Source data

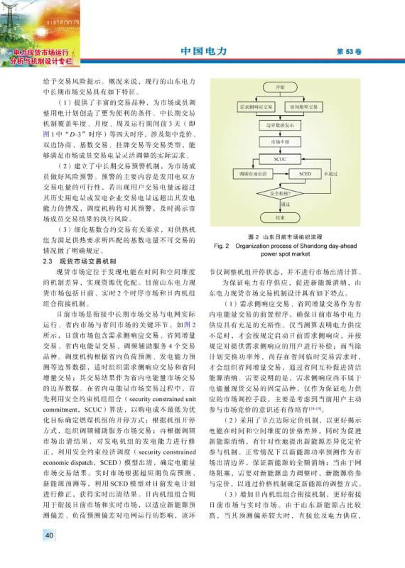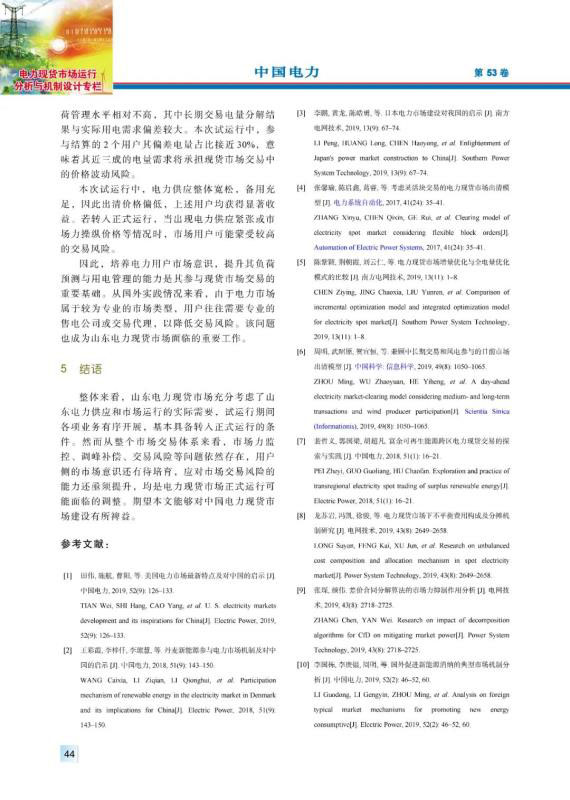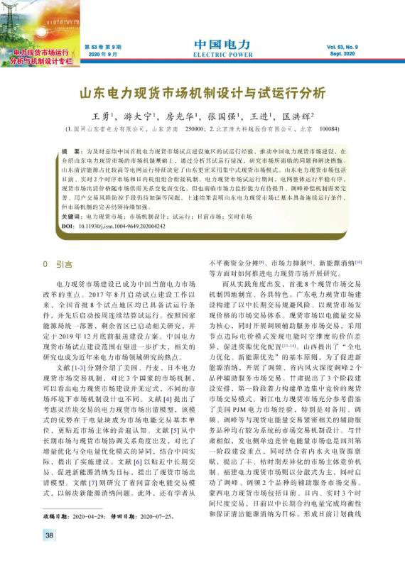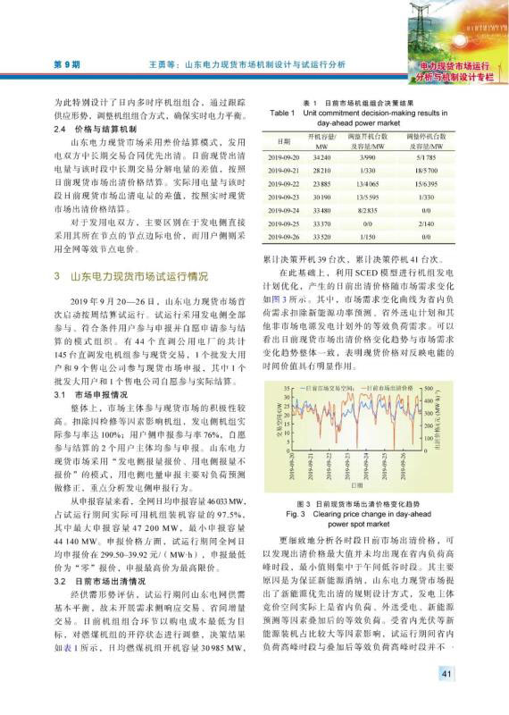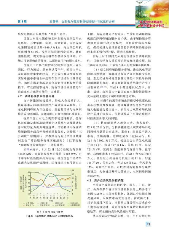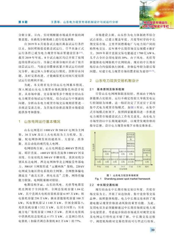 為及時總結(jié)中國首批電力現(xiàn)貨市場試點建設(shè)地區(qū)的試運(yùn)行經(jīng)驗,推動中國電力現(xiàn)貨市場建設(shè),在介紹山東電力現(xiàn)貨市場的市場機(jī)制基礎(chǔ)上,通過分析其試運(yùn)行情況,研究市場所面臨的問題和解決措施。山東清潔能源占比較高等電網(wǎng)運(yùn)行特征決定了山東更宜采用集中式現(xiàn)貨市場模式。山東電力現(xiàn)貨市場包括日前、實時2個時序市場和日內(nèi)機(jī)組組合銜接機(jī)制。電力現(xiàn)貨市場試運(yùn)行期間,電網(wǎng)整體運(yùn)行平穩(wěn)有序,現(xiàn)貨市場出清價格隨市場供需關(guān)系變化而變化,但也面臨市場力監(jiān)控能力有待提升、調(diào)峰補(bǔ)償機(jī)制需要完善、用戶交易風(fēng)險防控手段仍待加強(qiáng)等問題。上述結(jié)果表明山東電力現(xiàn)貨市場已基本具備連續(xù)運(yùn)行條件,但市場機(jī)制的完善仍須持續(xù)加強(qiáng)。
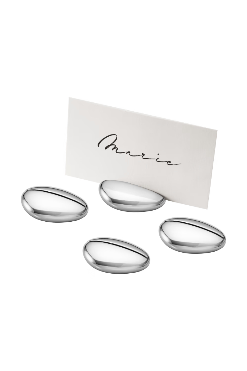 Små detaljer har en stor innvirkning på middagsselskapet, og disse vakre, skulpturelle bordkortholderne skaper interesse og samtale før maten blir servert. Settet med fire forkrommede holdere ligner organiske små steiner og leveres med 24 kort, noe som gjør det til den perfekte gaven.
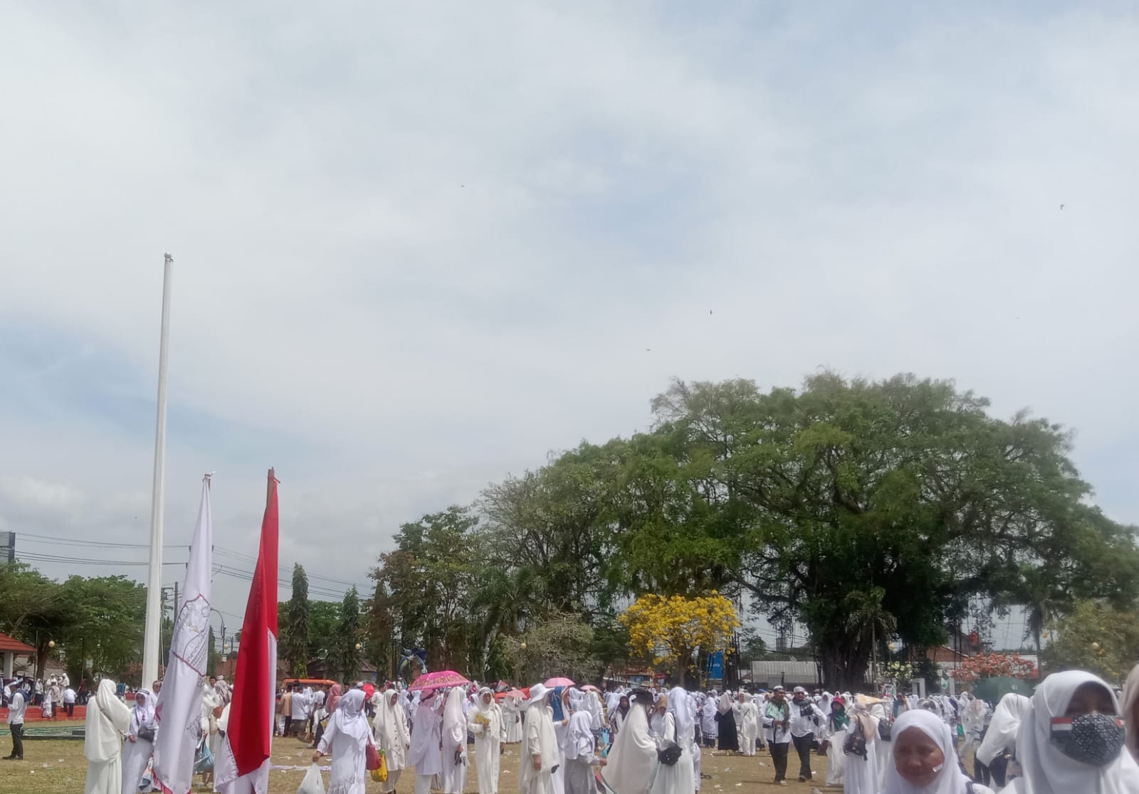 Baraknews Pangandaran–Aksi bela palestina itu terjadwal dari mulai jam 8 pagi sampai jam 11 di lapangan alun alun parigi seketika penuh sesak di hariri oleh orang berbaju putih dengan atribut berwarna merah ,hijau ,hitam ,dan putih khas warna bendera palestina
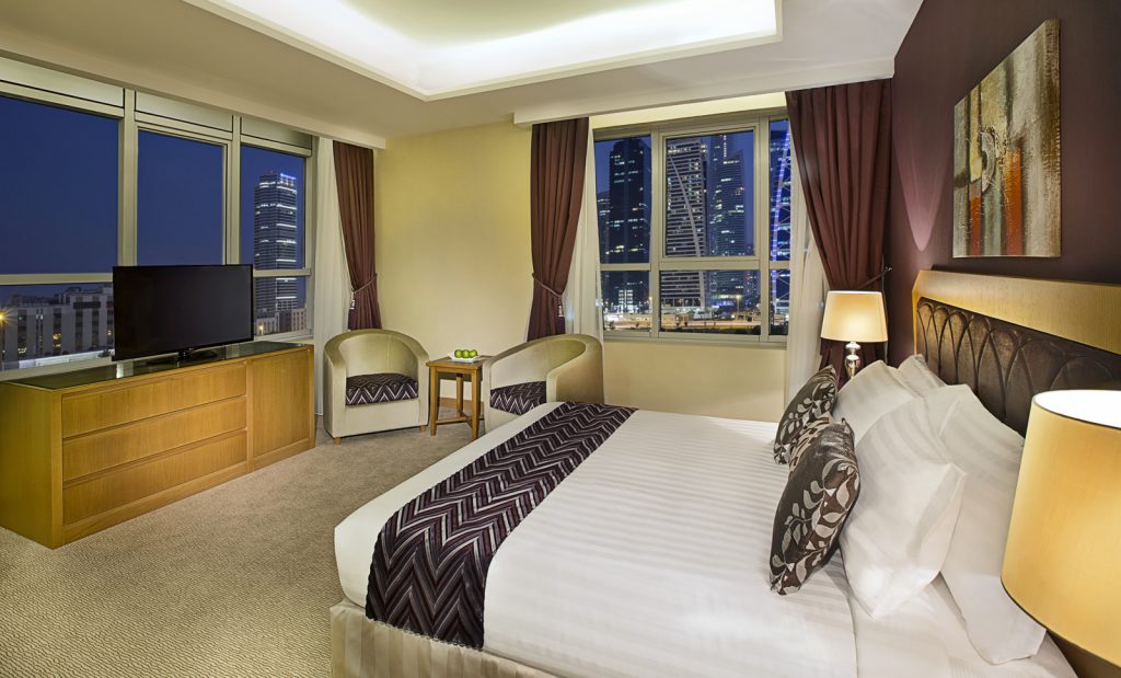 Номер оформленный в теплых тонах, с кондиционером, гостиной зоной с телевизором с плоским экраном, электрическим чайником и мини баром. В ванной комнате есть ванна, душ и бесплатные туалетно-косметические принадлежности.
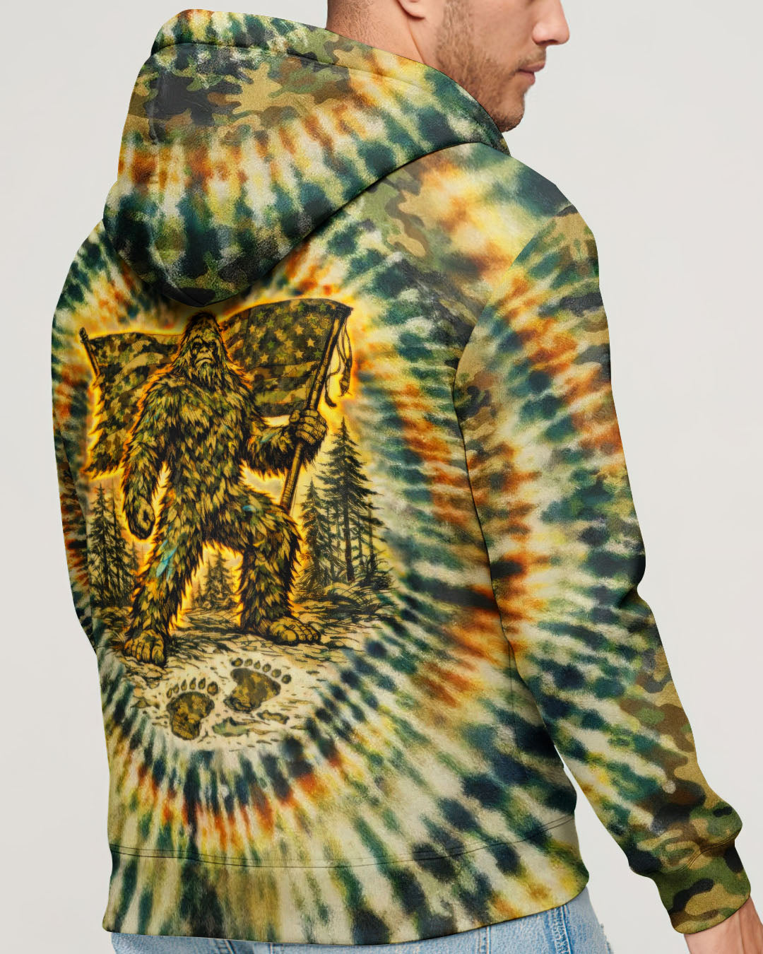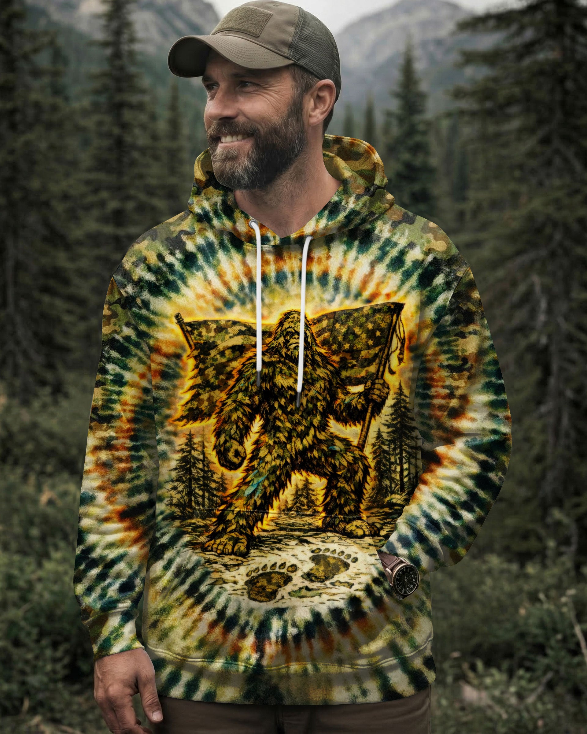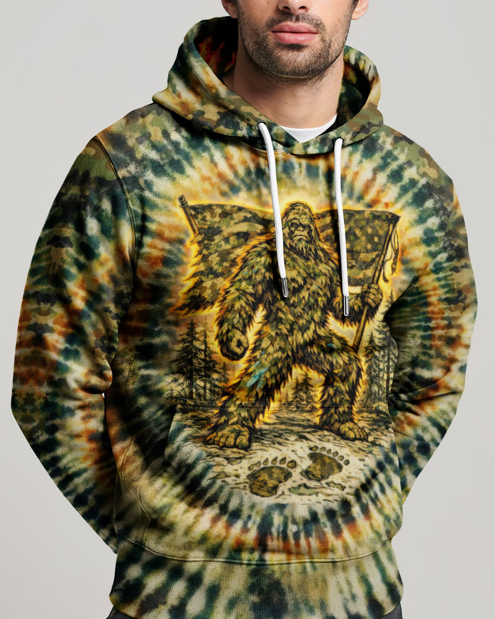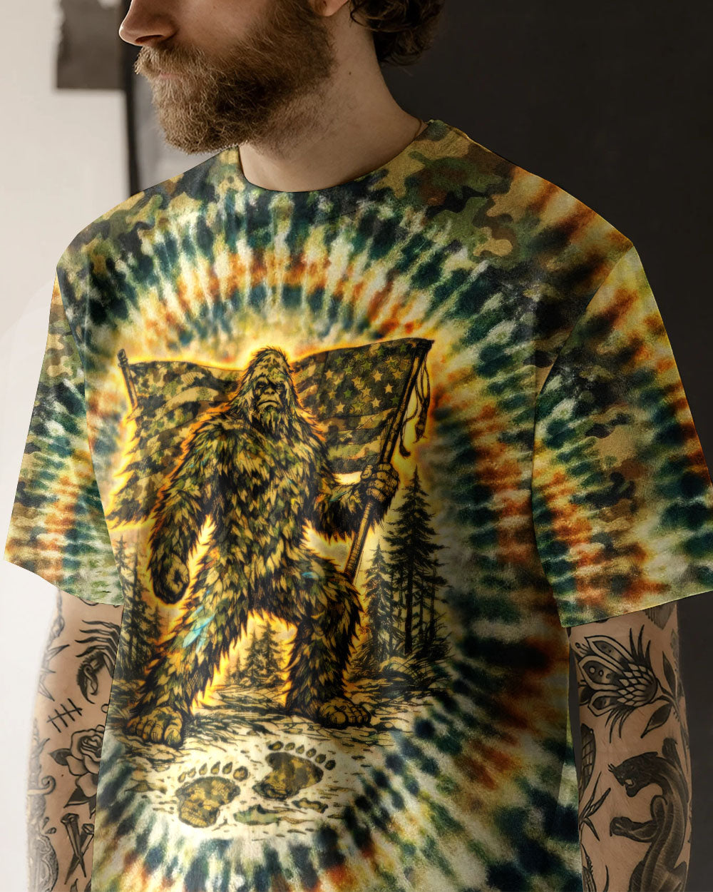 A legendary figure strides through the wild with bold patriotism, blending mystery and American pride in one striking design. Created for adventurous spirits, it celebrates freedom, independence, and a love for the untamed outdoors. The camouflage background adds a rugged edge, perfect for those who embrace both wilderness and country. The quote represents fearless individuality—standing tall, living free, and honoring what you believe in. Our all-over print shirts feature expertly crafted 3D dye-sublimation printing that brings vibrant, intricate designs to life. Each panel is individually printed, cut, and sewn for flawless graphics with no imperfections. Made from a premium cotton/polyester and spandex blend, these shirts deliver comfort, durability, and high-definition color that stands out wherever you go. Wear it like a work of art.

Your goal = Pictures stay out. Repeat only the lines from the beginning of the data through the line that has "Номер оформленный в".

Answer below =
 為及時總結(jié)中國首批電力現(xiàn)貨市場試點建設(shè)地區(qū)的試運(yùn)行經(jīng)驗,推動中國電力現(xiàn)貨市場建設(shè),在介紹山東電力現(xiàn)貨市場的市場機(jī)制基礎(chǔ)上,通過分析其試運(yùn)行情況,研究市場所面臨的問題和解決措施。山東清潔能源占比較高等電網(wǎng)運(yùn)行特征決定了山東更宜采用集中式現(xiàn)貨市場模式。山東電力現(xiàn)貨市場包括日前、實時2個時序市場和日內(nèi)機(jī)組組合銜接機(jī)制。電力現(xiàn)貨市場試運(yùn)行期間,電網(wǎng)整體運(yùn)行平穩(wěn)有序,現(xiàn)貨市場出清價格隨市場供需關(guān)系變化而變化,但也面臨市場力監(jiān)控能力有待提升、調(diào)峰補(bǔ)償機(jī)制需要完善、用戶交易風(fēng)險防控手段仍待加強(qiáng)等問題。上述結(jié)果表明山東電力現(xiàn)貨市場已基本具備連續(xù)運(yùn)行條件,但市場機(jī)制的完善仍須持續(xù)加強(qiáng)。
 Små detaljer har en stor innvirkning på middagsselskapet, og disse vakre, skulpturelle bordkortholderne skaper interesse og samtale før maten blir servert. Settet med fire forkrommede holdere ligner organiske små steiner og leveres med 24 kort, noe som gjør det til den perfekte gaven.
 Baraknews Pangandaran–Aksi bela palestina itu terjadwal dari mulai jam 8 pagi sampai jam 11 di lapangan alun alun parigi seketika penuh sesak di hariri oleh orang berbaju putih dengan atribut berwarna merah ,hijau ,hitam ,dan putih khas warna bendera palestina
 Номер оформленный в теплых тонах, с кондиционером, гостиной зоной с телевизором с плоским экраном, электрическим чайником и мини баром. В ванной комнате есть ванна, душ и бесплатные туалетно-косметические принадлежности.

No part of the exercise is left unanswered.